··· Data ···

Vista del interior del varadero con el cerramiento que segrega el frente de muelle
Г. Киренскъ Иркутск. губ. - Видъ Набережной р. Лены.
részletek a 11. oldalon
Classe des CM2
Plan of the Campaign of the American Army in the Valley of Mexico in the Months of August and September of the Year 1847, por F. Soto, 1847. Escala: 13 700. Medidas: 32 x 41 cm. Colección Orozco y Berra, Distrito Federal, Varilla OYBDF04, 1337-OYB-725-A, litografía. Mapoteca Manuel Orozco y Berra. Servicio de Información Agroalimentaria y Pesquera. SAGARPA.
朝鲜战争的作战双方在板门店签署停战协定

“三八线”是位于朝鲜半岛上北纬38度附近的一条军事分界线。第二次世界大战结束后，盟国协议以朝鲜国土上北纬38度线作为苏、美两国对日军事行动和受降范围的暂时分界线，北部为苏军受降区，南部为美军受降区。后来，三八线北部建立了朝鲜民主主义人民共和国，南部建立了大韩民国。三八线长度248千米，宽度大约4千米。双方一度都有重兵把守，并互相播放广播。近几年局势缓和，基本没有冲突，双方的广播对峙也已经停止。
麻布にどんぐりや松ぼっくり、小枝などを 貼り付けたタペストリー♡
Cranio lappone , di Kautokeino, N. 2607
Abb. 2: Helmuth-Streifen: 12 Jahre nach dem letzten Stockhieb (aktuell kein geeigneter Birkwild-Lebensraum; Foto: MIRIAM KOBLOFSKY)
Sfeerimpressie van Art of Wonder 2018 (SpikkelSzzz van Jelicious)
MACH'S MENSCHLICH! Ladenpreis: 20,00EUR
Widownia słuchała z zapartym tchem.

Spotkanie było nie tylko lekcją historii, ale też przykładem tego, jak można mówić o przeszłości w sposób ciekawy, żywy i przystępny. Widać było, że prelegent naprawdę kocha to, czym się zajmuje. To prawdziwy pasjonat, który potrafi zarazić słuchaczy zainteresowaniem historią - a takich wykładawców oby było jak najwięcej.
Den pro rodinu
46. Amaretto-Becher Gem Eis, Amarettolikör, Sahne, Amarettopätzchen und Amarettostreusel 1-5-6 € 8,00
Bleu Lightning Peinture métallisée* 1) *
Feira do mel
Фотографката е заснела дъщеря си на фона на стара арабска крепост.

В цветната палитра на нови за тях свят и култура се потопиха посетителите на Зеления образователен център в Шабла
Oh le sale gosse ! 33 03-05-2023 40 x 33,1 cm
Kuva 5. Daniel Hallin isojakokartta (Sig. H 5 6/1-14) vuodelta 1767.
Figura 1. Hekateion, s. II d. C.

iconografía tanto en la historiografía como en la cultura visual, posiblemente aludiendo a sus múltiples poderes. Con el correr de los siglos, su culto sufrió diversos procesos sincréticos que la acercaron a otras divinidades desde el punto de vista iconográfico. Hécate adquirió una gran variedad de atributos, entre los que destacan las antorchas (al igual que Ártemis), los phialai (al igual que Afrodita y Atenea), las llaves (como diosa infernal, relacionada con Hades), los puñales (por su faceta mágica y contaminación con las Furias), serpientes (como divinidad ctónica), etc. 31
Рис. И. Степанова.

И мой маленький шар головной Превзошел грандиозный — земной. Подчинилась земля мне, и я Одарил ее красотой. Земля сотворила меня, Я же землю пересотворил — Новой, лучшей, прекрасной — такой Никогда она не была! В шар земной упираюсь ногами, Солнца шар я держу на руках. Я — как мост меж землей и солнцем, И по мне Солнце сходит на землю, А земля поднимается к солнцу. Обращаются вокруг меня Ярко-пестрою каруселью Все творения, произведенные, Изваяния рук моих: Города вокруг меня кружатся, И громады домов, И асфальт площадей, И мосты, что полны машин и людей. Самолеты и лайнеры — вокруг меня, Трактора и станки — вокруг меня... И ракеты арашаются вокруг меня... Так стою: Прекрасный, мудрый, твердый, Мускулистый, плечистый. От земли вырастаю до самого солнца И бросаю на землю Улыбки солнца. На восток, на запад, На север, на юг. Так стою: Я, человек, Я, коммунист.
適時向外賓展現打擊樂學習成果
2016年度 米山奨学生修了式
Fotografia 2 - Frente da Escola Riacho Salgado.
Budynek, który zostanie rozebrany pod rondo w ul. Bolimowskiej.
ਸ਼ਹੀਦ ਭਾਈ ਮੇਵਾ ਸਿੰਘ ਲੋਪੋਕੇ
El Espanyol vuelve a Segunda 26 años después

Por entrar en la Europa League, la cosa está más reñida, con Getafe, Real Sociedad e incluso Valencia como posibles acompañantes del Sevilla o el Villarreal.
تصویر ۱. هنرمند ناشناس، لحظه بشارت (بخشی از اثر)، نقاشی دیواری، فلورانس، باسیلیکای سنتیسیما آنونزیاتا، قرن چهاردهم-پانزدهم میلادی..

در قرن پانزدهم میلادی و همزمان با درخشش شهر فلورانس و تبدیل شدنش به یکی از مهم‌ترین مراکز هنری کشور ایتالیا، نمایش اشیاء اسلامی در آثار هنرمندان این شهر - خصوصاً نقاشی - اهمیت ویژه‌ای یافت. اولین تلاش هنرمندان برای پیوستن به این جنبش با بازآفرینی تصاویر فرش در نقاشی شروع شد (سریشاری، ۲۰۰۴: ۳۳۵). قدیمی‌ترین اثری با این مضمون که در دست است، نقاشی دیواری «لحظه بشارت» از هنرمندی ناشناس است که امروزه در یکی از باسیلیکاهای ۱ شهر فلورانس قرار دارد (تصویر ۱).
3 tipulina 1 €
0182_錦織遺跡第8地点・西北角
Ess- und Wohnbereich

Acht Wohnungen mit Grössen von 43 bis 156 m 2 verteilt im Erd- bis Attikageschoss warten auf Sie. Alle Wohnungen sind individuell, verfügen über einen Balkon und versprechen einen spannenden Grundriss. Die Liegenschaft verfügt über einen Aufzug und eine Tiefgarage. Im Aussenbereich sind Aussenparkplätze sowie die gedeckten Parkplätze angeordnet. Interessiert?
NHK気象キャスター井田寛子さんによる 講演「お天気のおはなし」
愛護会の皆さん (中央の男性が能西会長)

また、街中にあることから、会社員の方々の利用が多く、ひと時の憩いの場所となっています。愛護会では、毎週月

···

Exercise aim: Look through the entries above. Extract each line with the word "تصویر".

Written solution:
تصویر ۱. هنرمند ناشناس، لحظه بشارت (بخشی از اثر)، نقاشی دیواری، فلورانس، باسیلیکای سنتیسیما آنونزیاتا، قرن چهاردهم-پانزدهم میلادی..
در قرن پانزدهم میلادی و همزمان با درخشش شهر فلورانس و تبدیل شدنش به یکی از مهم‌ترین مراکز هنری کشور ایتالیا، نمایش اشیاء اسلامی در آثار هنرمندان این شهر - خصوصاً نقاشی - اهمیت ویژه‌ای یافت. اولین تلاش هنرمندان برای پیوستن به این جنبش با بازآفرینی تصاویر فرش در نقاشی شروع شد (سریشاری، ۲۰۰۴: ۳۳۵). قدیمی‌ترین اثری با این مضمون که در دست است، نقاشی دیواری «لحظه بشارت» از هنرمندی ناشناس است که امروزه در یکی از باسیلیکاهای ۱ شهر فلورانس قرار دارد (تصویر ۱).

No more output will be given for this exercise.